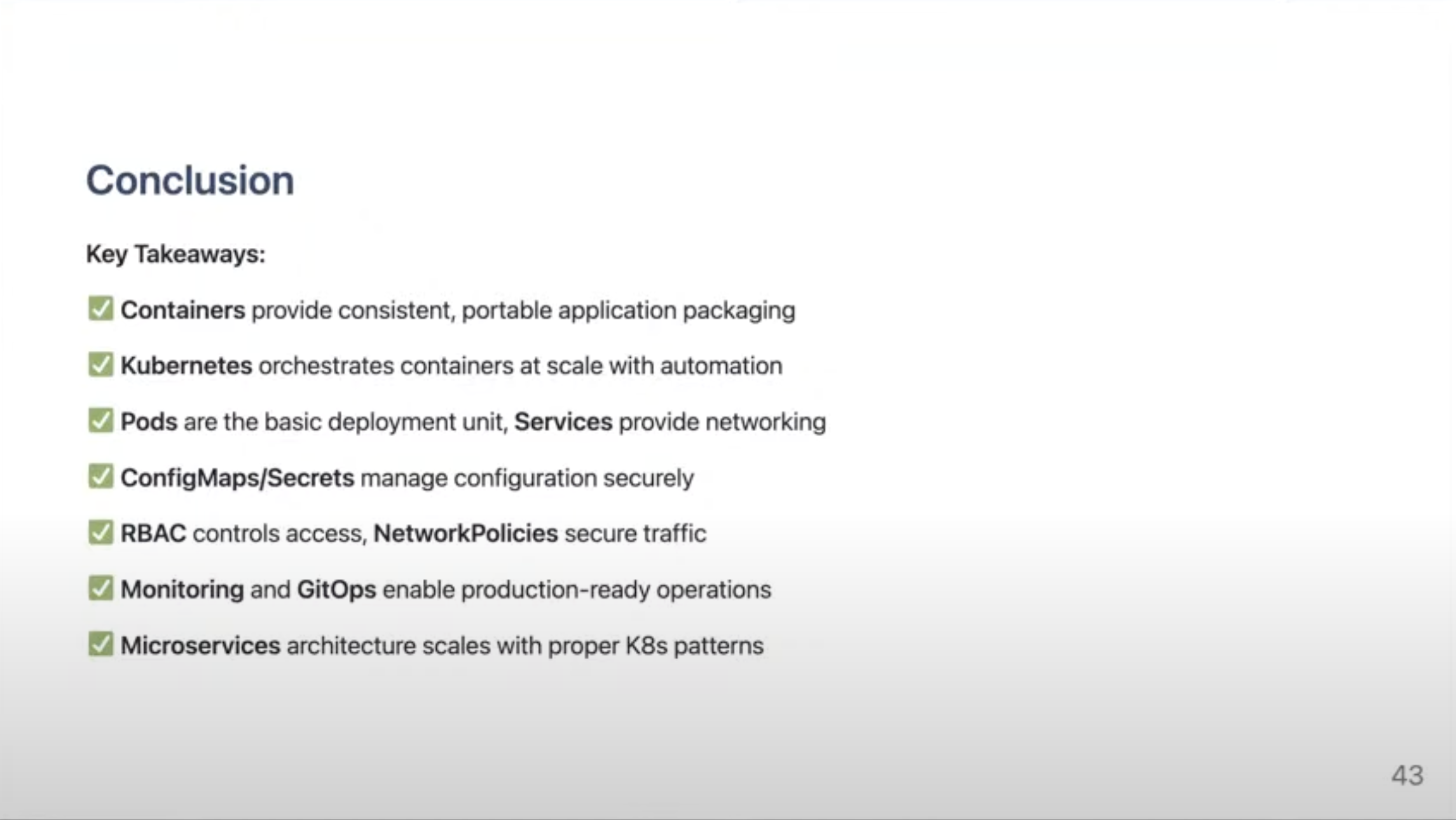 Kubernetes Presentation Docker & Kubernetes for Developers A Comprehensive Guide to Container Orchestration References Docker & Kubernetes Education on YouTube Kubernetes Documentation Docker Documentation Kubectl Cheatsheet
---
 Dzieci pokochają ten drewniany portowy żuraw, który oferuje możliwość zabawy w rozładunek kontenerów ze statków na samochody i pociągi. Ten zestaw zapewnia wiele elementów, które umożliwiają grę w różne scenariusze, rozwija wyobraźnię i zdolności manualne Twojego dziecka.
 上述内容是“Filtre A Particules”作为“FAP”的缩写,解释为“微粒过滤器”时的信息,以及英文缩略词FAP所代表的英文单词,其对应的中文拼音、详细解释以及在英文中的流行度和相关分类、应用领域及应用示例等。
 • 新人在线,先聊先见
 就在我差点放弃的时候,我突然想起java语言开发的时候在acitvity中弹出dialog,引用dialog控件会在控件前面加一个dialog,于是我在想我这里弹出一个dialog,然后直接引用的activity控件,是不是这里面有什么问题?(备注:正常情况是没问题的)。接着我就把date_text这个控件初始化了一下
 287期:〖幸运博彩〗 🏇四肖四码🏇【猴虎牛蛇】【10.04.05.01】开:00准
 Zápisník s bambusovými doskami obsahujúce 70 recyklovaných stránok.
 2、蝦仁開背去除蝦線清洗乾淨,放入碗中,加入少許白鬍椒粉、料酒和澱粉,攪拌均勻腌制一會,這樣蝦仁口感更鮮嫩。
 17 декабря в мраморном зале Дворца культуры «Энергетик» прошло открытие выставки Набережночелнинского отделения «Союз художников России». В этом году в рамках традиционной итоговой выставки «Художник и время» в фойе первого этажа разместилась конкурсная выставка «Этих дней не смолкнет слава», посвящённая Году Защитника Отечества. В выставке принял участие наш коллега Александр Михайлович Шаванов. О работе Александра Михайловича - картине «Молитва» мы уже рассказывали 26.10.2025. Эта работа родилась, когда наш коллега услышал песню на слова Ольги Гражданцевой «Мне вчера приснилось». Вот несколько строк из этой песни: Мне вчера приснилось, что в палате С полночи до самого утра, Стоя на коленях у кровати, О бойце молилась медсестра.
* * *
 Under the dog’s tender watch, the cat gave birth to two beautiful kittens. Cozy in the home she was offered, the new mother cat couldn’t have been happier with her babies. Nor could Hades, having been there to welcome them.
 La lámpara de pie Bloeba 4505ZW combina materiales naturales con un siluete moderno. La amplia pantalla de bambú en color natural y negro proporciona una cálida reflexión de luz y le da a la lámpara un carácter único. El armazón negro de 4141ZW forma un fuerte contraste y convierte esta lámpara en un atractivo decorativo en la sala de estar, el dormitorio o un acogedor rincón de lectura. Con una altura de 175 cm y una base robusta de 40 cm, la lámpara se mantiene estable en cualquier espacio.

— What you will do —
Reproducing the whole listing above is not the task. Copy exactly only the lines from the one with "就在我差点放弃的时候,我突然" to the one with "17 декабря в", both kept.

— Response —
 就在我差点放弃的时候,我突然想起java语言开发的时候在acitvity中弹出dialog,引用dialog控件会在控件前面加一个dialog,于是我在想我这里弹出一个dialog,然后直接引用的activity控件,是不是这里面有什么问题?(备注:正常情况是没问题的)。接着我就把date_text这个控件初始化了一下
 287期:〖幸运博彩〗 🏇四肖四码🏇【猴虎牛蛇】【10.04.05.01】开:00准
 Zápisník s bambusovými doskami obsahujúce 70 recyklovaných stránok.
 2、蝦仁開背去除蝦線清洗乾淨,放入碗中,加入少許白鬍椒粉、料酒和澱粉,攪拌均勻腌制一會,這樣蝦仁口感更鮮嫩。
 17 декабря в мраморном зале Дворца культуры «Энергетик» прошло открытие выставки Набережночелнинского отделения «Союз художников России». В этом году в рамках традиционной итоговой выставки «Художник и время» в фойе первого этажа разместилась конкурсная выставка «Этих дней не смолкнет слава», посвящённая Году Защитника Отечества. В выставке принял участие наш коллега Александр Михайлович Шаванов. О работе Александра Михайловича - картине «Молитва» мы уже рассказывали 26.10.2025. Эта работа родилась, когда наш коллега услышал песню на слова Ольги Гражданцевой «Мне вчера приснилось». Вот несколько строк из этой песни: Мне вчера приснилось, что в палате С полночи до самого утра, Стоя на коленях у кровати, О бойце молилась медсестра.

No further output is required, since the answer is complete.